- Opening Delimiter -

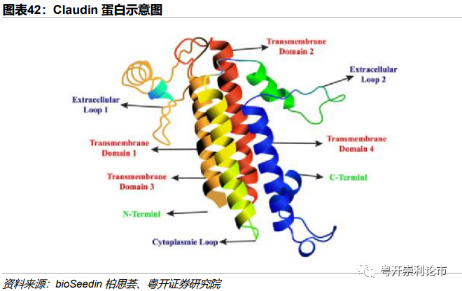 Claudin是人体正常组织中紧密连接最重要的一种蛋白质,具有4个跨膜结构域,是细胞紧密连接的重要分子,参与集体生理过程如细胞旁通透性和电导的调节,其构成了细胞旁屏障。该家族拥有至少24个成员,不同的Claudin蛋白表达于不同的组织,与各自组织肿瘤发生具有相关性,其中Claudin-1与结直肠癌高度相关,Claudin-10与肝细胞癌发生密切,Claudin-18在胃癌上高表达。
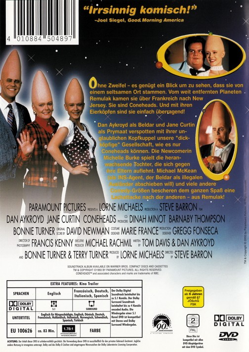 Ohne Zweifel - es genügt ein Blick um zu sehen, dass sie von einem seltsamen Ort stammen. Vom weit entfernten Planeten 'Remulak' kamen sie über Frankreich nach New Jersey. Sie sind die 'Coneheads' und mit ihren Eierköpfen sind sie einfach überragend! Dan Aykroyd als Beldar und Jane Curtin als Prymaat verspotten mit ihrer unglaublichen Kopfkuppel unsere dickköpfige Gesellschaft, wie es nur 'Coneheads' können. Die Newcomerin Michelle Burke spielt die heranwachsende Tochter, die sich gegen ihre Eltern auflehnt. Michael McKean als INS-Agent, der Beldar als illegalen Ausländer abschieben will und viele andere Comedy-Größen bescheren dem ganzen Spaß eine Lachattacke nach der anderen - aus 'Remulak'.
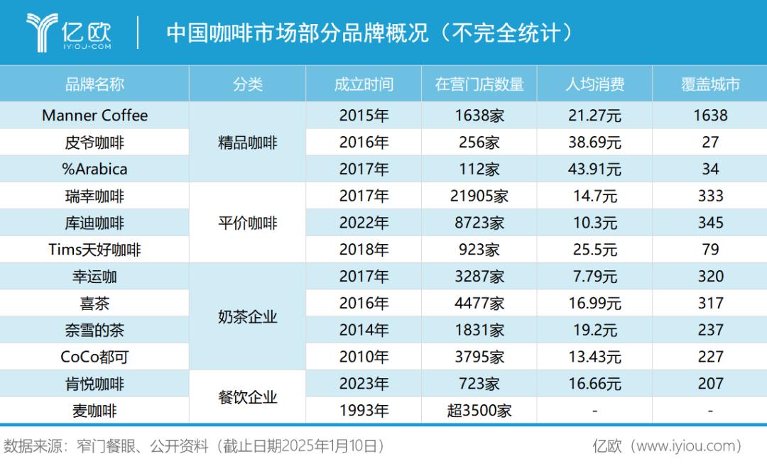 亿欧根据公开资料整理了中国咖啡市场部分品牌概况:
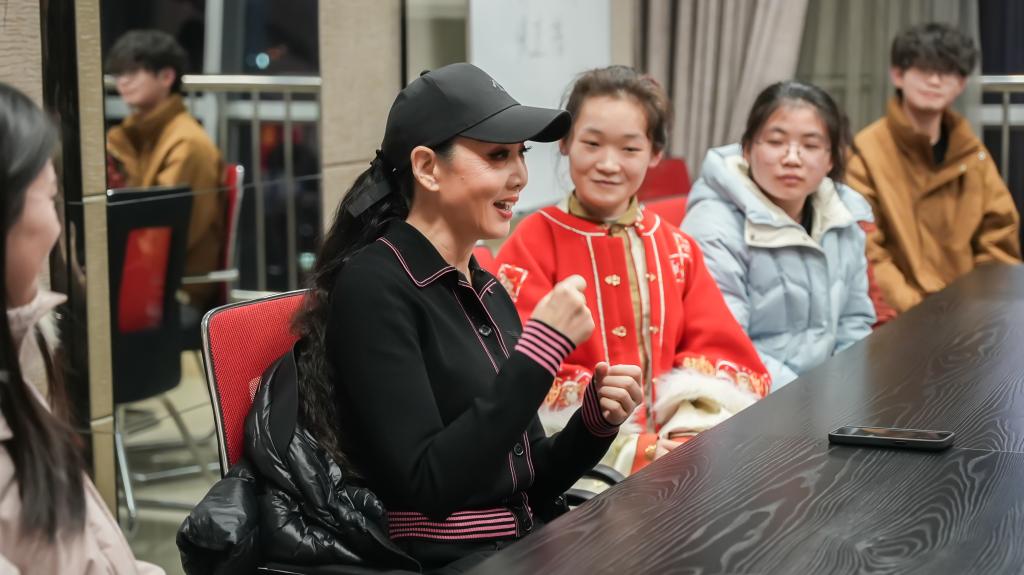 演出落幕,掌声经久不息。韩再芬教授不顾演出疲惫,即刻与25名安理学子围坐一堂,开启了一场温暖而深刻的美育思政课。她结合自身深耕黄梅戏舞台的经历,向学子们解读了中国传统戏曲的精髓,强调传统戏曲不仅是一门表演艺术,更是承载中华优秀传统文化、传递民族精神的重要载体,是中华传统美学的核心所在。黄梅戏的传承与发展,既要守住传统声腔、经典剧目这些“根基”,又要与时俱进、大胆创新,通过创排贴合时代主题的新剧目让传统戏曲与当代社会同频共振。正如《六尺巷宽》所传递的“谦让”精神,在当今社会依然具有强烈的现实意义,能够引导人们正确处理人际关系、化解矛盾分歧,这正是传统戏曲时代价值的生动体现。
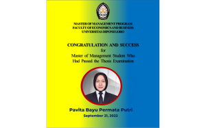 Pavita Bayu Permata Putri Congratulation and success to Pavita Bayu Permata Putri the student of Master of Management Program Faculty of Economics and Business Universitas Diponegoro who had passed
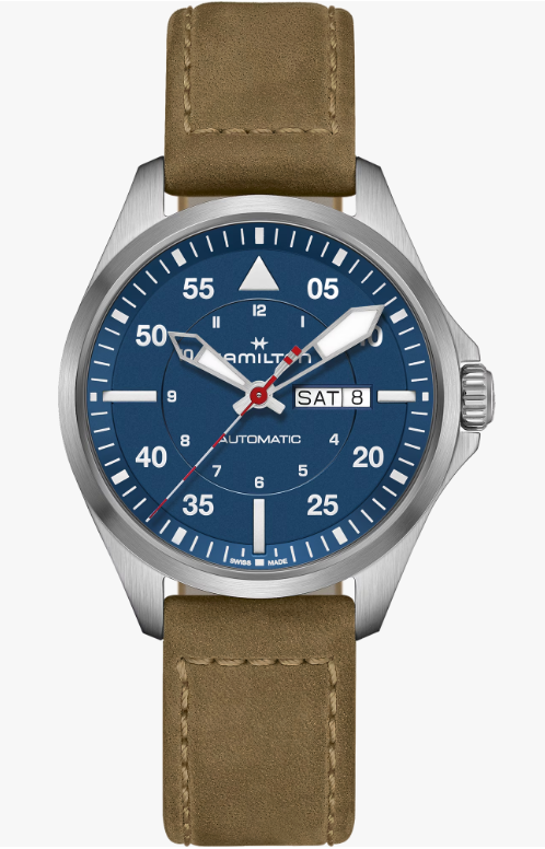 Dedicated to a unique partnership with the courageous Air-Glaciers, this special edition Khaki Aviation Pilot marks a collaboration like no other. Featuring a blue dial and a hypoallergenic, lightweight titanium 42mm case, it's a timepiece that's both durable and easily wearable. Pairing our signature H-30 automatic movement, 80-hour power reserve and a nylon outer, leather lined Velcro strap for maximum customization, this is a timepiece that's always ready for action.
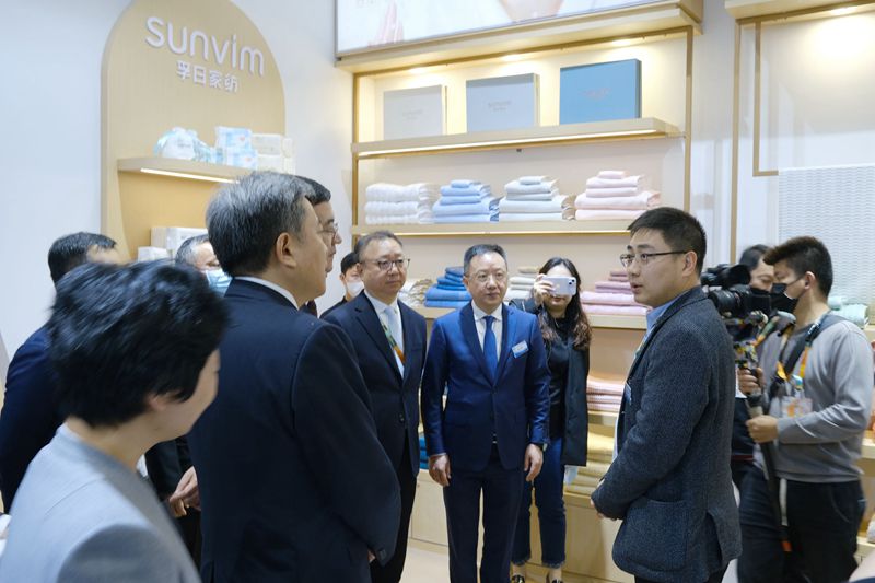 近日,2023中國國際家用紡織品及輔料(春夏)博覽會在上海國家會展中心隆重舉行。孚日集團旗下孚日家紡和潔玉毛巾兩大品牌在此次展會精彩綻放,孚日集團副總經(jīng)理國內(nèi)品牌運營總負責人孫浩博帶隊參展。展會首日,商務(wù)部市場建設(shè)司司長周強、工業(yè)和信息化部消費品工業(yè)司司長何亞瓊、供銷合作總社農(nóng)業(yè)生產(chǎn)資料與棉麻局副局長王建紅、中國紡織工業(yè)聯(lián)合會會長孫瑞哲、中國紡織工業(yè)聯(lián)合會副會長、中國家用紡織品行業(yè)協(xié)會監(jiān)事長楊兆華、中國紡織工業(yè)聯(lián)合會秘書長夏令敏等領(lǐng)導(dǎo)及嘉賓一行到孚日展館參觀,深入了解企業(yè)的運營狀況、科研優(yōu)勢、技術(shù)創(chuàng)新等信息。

- Closing Delimiter -

• _DIRECTIONS FOR THIS TASK_:
Please restate the entries word for word, with all pictures left out.

• _EXPECTED OUTPUT_:
 Claudin是人体正常组织中紧密连接最重要的一种蛋白质,具有4个跨膜结构域,是细胞紧密连接的重要分子,参与集体生理过程如细胞旁通透性和电导的调节,其构成了细胞旁屏障。该家族拥有至少24个成员,不同的Claudin蛋白表达于不同的组织,与各自组织肿瘤发生具有相关性,其中Claudin-1与结直肠癌高度相关,Claudin-10与肝细胞癌发生密切,Claudin-18在胃癌上高表达。
 Ohne Zweifel - es genügt ein Blick um zu sehen, dass sie von einem seltsamen Ort stammen. Vom weit entfernten Planeten 'Remulak' kamen sie über Frankreich nach New Jersey. Sie sind die 'Coneheads' und mit ihren Eierköpfen sind sie einfach überragend! Dan Aykroyd als Beldar und Jane Curtin als Prymaat verspotten mit ihrer unglaublichen Kopfkuppel unsere dickköpfige Gesellschaft, wie es nur 'Coneheads' können. Die Newcomerin Michelle Burke spielt die heranwachsende Tochter, die sich gegen ihre Eltern auflehnt. Michael McKean als INS-Agent, der Beldar als illegalen Ausländer abschieben will und viele andere Comedy-Größen bescheren dem ganzen Spaß eine Lachattacke nach der anderen - aus 'Remulak'.
 亿欧根据公开资料整理了中国咖啡市场部分品牌概况:
 演出落幕,掌声经久不息。韩再芬教授不顾演出疲惫,即刻与25名安理学子围坐一堂,开启了一场温暖而深刻的美育思政课。她结合自身深耕黄梅戏舞台的经历,向学子们解读了中国传统戏曲的精髓,强调传统戏曲不仅是一门表演艺术,更是承载中华优秀传统文化、传递民族精神的重要载体,是中华传统美学的核心所在。黄梅戏的传承与发展,既要守住传统声腔、经典剧目这些“根基”,又要与时俱进、大胆创新,通过创排贴合时代主题的新剧目让传统戏曲与当代社会同频共振。正如《六尺巷宽》所传递的“谦让”精神,在当今社会依然具有强烈的现实意义,能够引导人们正确处理人际关系、化解矛盾分歧,这正是传统戏曲时代价值的生动体现。
 Pavita Bayu Permata Putri Congratulation and success to Pavita Bayu Permata Putri the student of Master of Management Program Faculty of Economics and Business Universitas Diponegoro who had passed
 Dedicated to a unique partnership with the courageous Air-Glaciers, this special edition Khaki Aviation Pilot marks a collaboration like no other. Featuring a blue dial and a hypoallergenic, lightweight titanium 42mm case, it's a timepiece that's both durable and easily wearable. Pairing our signature H-30 automatic movement, 80-hour power reserve and a nylon outer, leather lined Velcro strap for maximum customization, this is a timepiece that's always ready for action.
 近日,2023中國國際家用紡織品及輔料(春夏)博覽會在上海國家會展中心隆重舉行。孚日集團旗下孚日家紡和潔玉毛巾兩大品牌在此次展會精彩綻放,孚日集團副總經(jīng)理國內(nèi)品牌運營總負責人孫浩博帶隊參展。展會首日,商務(wù)部市場建設(shè)司司長周強、工業(yè)和信息化部消費品工業(yè)司司長何亞瓊、供銷合作總社農(nóng)業(yè)生產(chǎn)資料與棉麻局副局長王建紅、中國紡織工業(yè)聯(lián)合會會長孫瑞哲、中國紡織工業(yè)聯(lián)合會副會長、中國家用紡織品行業(yè)協(xié)會監(jiān)事長楊兆華、中國紡織工業(yè)聯(lián)合會秘書長夏令敏等領(lǐng)導(dǎo)及嘉賓一行到孚日展館參觀,深入了解企業(yè)的運營狀況、科研優(yōu)勢、技術(shù)創(chuàng)新等信息。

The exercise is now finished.